(EXERCISE DATA Opens)

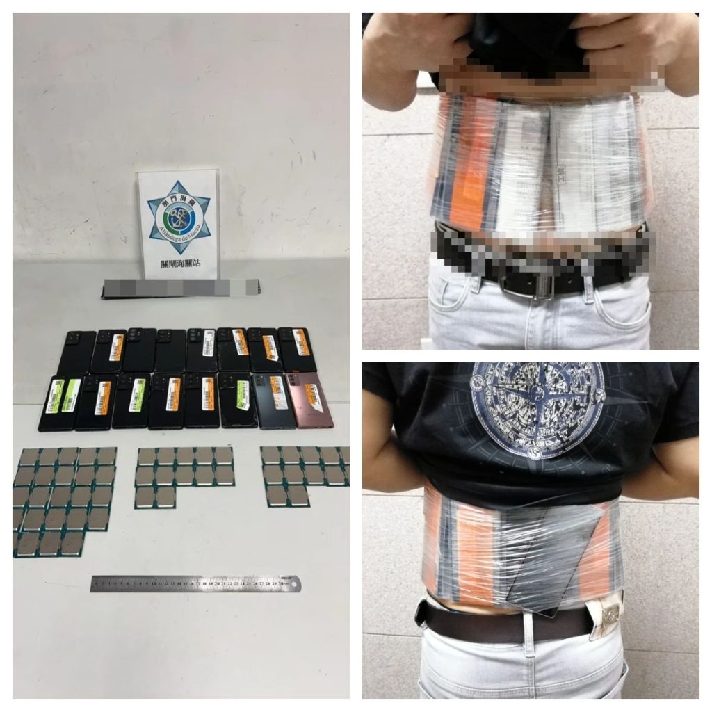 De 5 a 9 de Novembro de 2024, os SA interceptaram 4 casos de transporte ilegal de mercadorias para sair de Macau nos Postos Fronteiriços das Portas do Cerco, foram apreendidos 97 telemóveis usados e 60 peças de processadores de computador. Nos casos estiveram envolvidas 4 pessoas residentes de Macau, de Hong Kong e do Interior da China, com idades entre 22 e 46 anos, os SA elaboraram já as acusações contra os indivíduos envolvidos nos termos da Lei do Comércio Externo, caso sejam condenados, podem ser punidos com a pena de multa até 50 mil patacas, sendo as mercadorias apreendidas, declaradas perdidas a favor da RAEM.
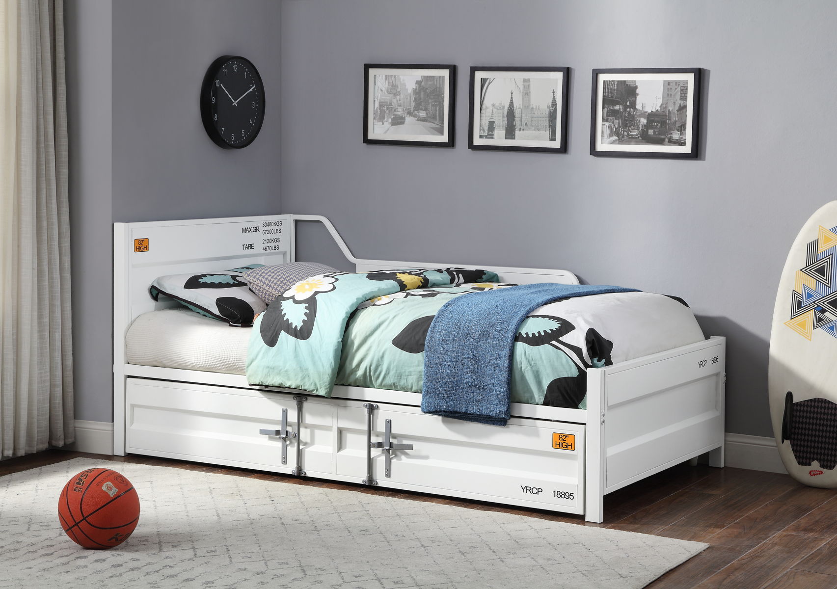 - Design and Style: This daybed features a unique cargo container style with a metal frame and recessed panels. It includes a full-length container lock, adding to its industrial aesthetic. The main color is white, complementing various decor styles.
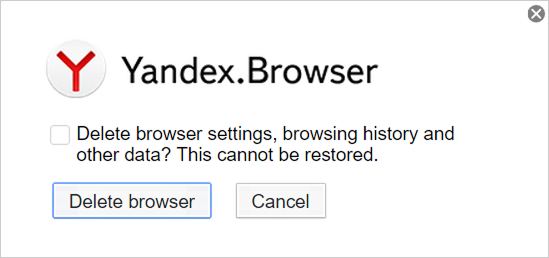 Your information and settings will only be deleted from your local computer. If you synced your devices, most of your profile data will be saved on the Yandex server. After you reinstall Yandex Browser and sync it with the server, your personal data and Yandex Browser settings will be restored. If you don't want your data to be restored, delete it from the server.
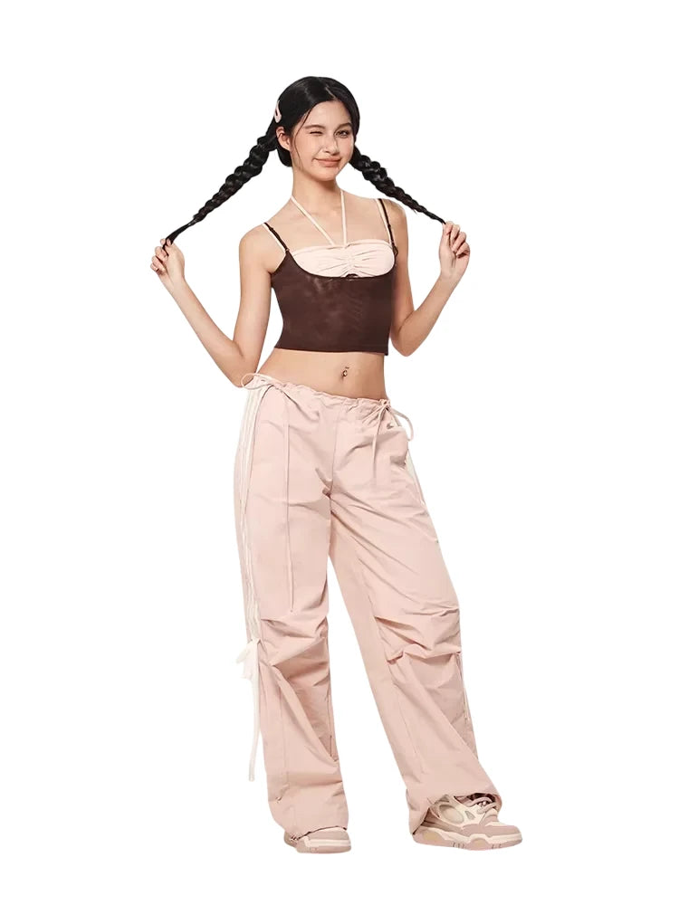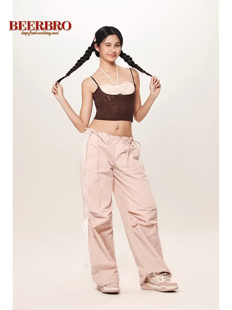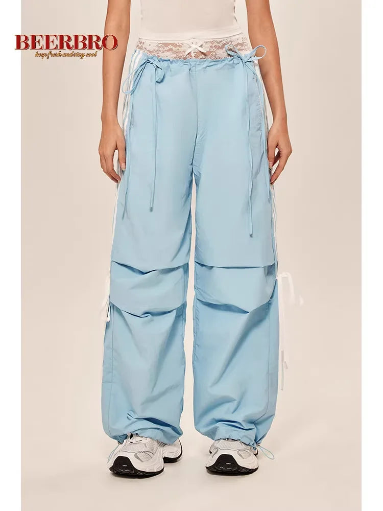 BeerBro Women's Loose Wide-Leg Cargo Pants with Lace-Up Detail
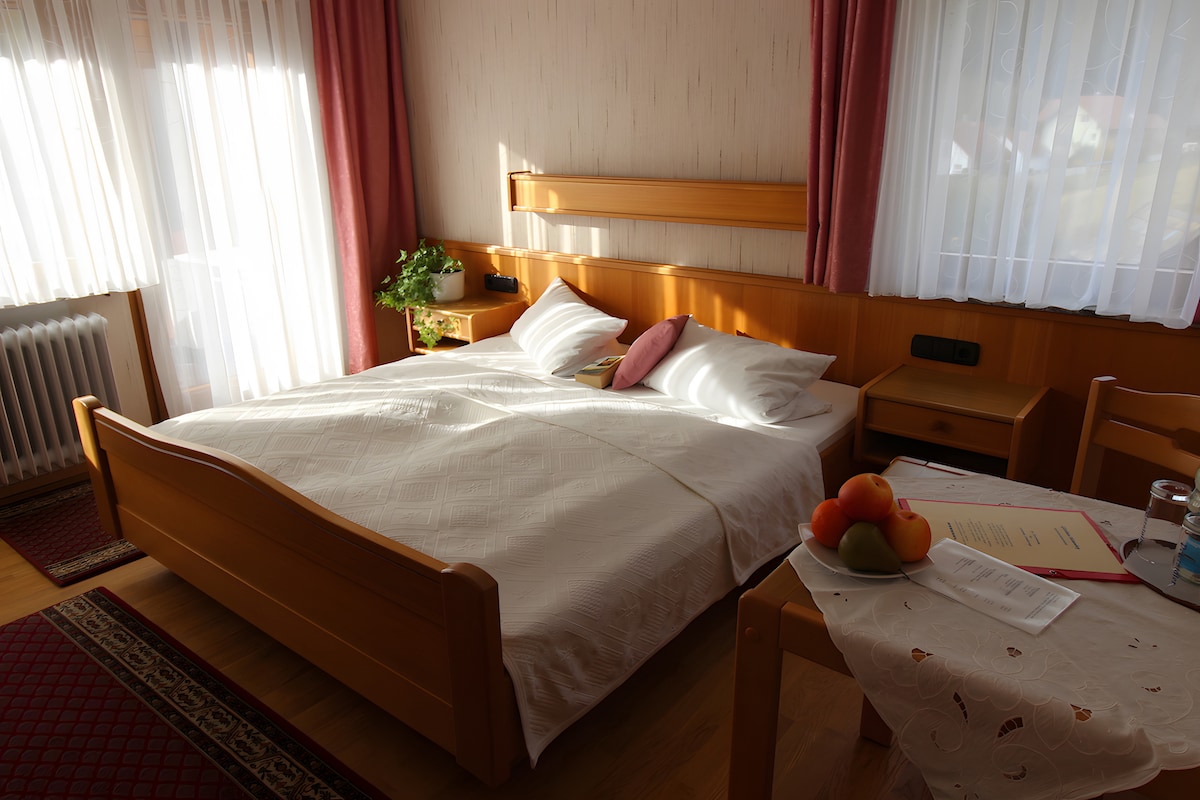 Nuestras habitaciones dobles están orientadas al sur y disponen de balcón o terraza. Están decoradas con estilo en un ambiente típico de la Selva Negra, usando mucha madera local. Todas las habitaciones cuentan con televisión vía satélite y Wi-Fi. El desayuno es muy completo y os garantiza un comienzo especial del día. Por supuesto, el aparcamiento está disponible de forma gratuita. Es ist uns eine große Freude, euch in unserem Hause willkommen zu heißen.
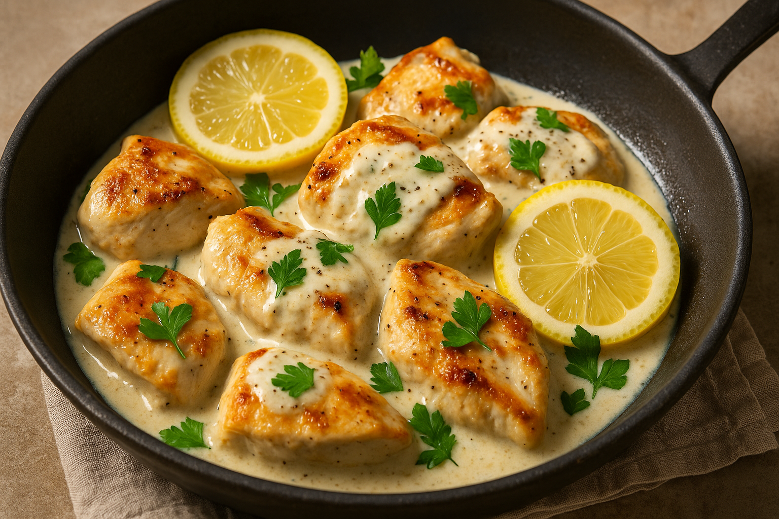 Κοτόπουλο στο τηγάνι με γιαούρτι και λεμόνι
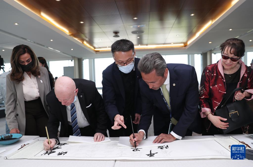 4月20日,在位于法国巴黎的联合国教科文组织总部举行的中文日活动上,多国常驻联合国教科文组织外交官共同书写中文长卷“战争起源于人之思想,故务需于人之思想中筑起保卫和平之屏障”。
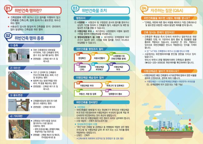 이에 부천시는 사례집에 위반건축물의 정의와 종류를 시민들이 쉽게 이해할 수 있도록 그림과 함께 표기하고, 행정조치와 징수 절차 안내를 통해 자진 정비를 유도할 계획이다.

(EXERCISE DATA Closes)

WORK TASK: Copy the data exactly. Any picture it contains is to be omitted.

OUTPUT FOR THIS TASK:
 De 5 a 9 de Novembro de 2024, os SA interceptaram 4 casos de transporte ilegal de mercadorias para sair de Macau nos Postos Fronteiriços das Portas do Cerco, foram apreendidos 97 telemóveis usados e 60 peças de processadores de computador. Nos casos estiveram envolvidas 4 pessoas residentes de Macau, de Hong Kong e do Interior da China, com idades entre 22 e 46 anos, os SA elaboraram já as acusações contra os indivíduos envolvidos nos termos da Lei do Comércio Externo, caso sejam condenados, podem ser punidos com a pena de multa até 50 mil patacas, sendo as mercadorias apreendidas, declaradas perdidas a favor da RAEM.
 - Design and Style: This daybed features a unique cargo container style with a metal frame and recessed panels. It includes a full-length container lock, adding to its industrial aesthetic. The main color is white, complementing various decor styles.
 Your information and settings will only be deleted from your local computer. If you synced your devices, most of your profile data will be saved on the Yandex server. After you reinstall Yandex Browser and sync it with the server, your personal data and Yandex Browser settings will be restored. If you don't want your data to be restored, delete it from the server.
 BeerBro Women's Loose Wide-Leg Cargo Pants with Lace-Up Detail
 Nuestras habitaciones dobles están orientadas al sur y disponen de balcón o terraza. Están decoradas con estilo en un ambiente típico de la Selva Negra, usando mucha madera local. Todas las habitaciones cuentan con televisión vía satélite y Wi-Fi. El desayuno es muy completo y os garantiza un comienzo especial del día. Por supuesto, el aparcamiento está disponible de forma gratuita. Es ist uns eine große Freude, euch in unserem Hause willkommen zu heißen.
 Κοτόπουλο στο τηγάνι με γιαούρτι και λεμόνι
 4月20日,在位于法国巴黎的联合国教科文组织总部举行的中文日活动上,多国常驻联合国教科文组织外交官共同书写中文长卷“战争起源于人之思想,故务需于人之思想中筑起保卫和平之屏障”。
 이에 부천시는 사례집에 위반건축물의 정의와 종류를 시민들이 쉽게 이해할 수 있도록 그림과 함께 표기하고, 행정조치와 징수 절차 안내를 통해 자진 정비를 유도할 계획이다.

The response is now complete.